10.3 Resolution steps (when symptom is "examiner asked")

  1. Provide the agent registry export from CC-1 along with the most recent CC-3 attestation.
  2. Provide the sovereign non-availability statement from CC-6 with reference to Microsoft's published roadmap (capture URL + date accessed).
  3. Provide the SPN-owner audit log for the period as evidence of CC-2 / CC-4 operation.
  4. Do not attempt to backfill commercial-cloud artifacts — the gap is the truth.

10.4 Verification

  • CC-1 registry has owner field non-null for every active agent SPN.
  • CC-3 attestation completed for the most recent quarter.
  • Pester (sovereign tenant): Context 'When tenant is sovereign' skips commercial assertions and asserts compensating-control artifacts exist.

§11. Runbook RB-01

Title: Frontier or Microsoft 365 Copilot license expiry mid-quarter Severity floor: SEV-2 (rises to SEV-1 if production agents disabled by the expiry) Triggers: Renewals team reports Copilot subscription not renewed; M365 admin center shows expired SKUs; symptom S-02

11.1 Immediate actions (first 30 min)

  1. Run Get-Agt226Health; capture E-01.
  2. Identify scope: how many operators lost the Copilot license? Are any agents themselves in a service-impaired state?
  3. Notify AI Governance Lead and Procurement / Renewals.
  4. Pause any scheduled Set-AgentSponsorBulk or workflow edits — do not change state during a license-driven outage.

11.2 Investigation

  1. Confirm Frontier toggle status — separate from Copilot SKU; sometimes only Copilot lapses.
  2. Pull sign-in logs for last 24 h to identify which operators were attempting agent admin actions when the lapse hit.
  3. Determine whether the renewal is in flight (PO open, awaiting fulfillment) or whether the firm has dropped the SKU intentionally.

11.3 Containment

  1. If renewal is in flight: open a Microsoft support ticket (severity B) requesting grace-period extension; preserve the case number for E-09.
  2. If renewal is not in flight: invoke the SPN-based compensating posture from §10.2 (CC-1, CC-2). Treat the tenant as if sovereign for the duration.
  3. Communicate to agent owners that admin actions on agent identities are paused; existing agents continue running unless directly impacted.

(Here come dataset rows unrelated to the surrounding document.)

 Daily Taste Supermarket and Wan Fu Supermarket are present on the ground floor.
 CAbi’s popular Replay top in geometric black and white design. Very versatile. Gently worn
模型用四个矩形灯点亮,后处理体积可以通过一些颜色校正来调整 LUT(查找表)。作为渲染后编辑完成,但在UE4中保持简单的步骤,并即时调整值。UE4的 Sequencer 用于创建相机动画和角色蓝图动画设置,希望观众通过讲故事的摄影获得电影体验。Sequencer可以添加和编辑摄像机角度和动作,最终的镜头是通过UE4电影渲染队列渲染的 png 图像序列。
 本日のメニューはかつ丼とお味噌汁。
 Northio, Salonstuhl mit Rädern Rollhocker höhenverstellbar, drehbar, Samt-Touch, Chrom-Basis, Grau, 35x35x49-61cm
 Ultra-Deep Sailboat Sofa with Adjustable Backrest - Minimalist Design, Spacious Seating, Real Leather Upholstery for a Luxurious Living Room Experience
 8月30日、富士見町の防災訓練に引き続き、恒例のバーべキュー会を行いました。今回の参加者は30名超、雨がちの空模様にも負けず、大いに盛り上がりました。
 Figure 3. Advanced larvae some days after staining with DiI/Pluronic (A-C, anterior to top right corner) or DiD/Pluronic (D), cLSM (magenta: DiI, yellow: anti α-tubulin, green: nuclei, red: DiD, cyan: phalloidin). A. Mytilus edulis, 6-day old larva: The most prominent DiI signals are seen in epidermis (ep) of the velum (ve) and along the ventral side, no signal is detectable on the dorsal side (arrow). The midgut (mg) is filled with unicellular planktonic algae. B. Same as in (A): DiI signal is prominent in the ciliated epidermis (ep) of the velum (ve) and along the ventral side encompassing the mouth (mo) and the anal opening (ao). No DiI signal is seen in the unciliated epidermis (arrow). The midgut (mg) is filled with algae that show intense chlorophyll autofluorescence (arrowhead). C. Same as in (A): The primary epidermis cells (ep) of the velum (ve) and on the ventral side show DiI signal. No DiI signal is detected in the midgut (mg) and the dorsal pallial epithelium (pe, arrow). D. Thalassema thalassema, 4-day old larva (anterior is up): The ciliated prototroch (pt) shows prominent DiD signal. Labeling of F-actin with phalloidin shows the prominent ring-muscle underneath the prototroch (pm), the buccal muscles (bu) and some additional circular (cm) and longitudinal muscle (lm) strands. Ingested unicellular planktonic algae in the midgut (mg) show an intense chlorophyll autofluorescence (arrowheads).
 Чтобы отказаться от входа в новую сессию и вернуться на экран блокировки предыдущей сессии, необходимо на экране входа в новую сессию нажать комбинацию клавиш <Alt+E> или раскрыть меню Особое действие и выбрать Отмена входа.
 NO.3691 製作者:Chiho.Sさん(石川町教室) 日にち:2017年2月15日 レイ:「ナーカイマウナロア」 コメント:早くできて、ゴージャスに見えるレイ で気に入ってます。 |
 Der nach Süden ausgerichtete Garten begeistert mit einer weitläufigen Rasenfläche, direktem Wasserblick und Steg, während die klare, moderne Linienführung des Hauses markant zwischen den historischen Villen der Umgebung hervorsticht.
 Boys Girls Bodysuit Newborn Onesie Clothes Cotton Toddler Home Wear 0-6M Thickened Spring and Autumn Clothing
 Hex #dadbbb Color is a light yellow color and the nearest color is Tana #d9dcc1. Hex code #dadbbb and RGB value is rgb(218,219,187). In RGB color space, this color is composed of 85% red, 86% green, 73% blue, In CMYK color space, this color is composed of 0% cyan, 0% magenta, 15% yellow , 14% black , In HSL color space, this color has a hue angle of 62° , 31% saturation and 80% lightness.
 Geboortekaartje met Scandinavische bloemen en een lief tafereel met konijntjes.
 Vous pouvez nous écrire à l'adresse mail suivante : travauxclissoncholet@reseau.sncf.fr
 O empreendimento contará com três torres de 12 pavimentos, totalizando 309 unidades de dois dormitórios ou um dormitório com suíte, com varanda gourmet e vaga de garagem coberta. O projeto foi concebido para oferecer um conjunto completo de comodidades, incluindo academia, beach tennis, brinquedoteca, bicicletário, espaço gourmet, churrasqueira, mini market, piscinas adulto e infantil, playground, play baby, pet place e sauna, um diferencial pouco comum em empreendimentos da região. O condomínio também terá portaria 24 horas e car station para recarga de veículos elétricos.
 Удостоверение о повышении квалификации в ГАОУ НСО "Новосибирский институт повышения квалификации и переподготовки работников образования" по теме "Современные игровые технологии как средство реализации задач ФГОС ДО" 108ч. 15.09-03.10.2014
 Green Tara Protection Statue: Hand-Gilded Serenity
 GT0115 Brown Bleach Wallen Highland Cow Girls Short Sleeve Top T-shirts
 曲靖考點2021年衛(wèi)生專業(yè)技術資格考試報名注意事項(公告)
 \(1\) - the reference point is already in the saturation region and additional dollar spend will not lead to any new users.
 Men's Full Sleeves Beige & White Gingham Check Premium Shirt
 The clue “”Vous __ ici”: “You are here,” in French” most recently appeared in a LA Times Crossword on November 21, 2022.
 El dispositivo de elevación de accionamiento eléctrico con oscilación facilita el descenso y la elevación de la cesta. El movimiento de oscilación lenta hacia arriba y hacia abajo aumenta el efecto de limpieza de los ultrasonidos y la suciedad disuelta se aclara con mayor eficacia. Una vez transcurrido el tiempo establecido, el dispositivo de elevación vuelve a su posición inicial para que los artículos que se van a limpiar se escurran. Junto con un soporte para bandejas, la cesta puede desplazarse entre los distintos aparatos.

11.4 Eradication / restoration

  1. Confirm renewed SKU assigned and provisioned (Success not PendingProvisioning).
  2. Verify Frontier toggle remains on; toggling tenant-wide off-and-on may be required if features remain greyed out (capture acceptance per §2.4 step 2).
  3. Resume paused operations. Run Get-Agt226Health and confirm FrontierEnabled = True, AgentCount matches pre-incident.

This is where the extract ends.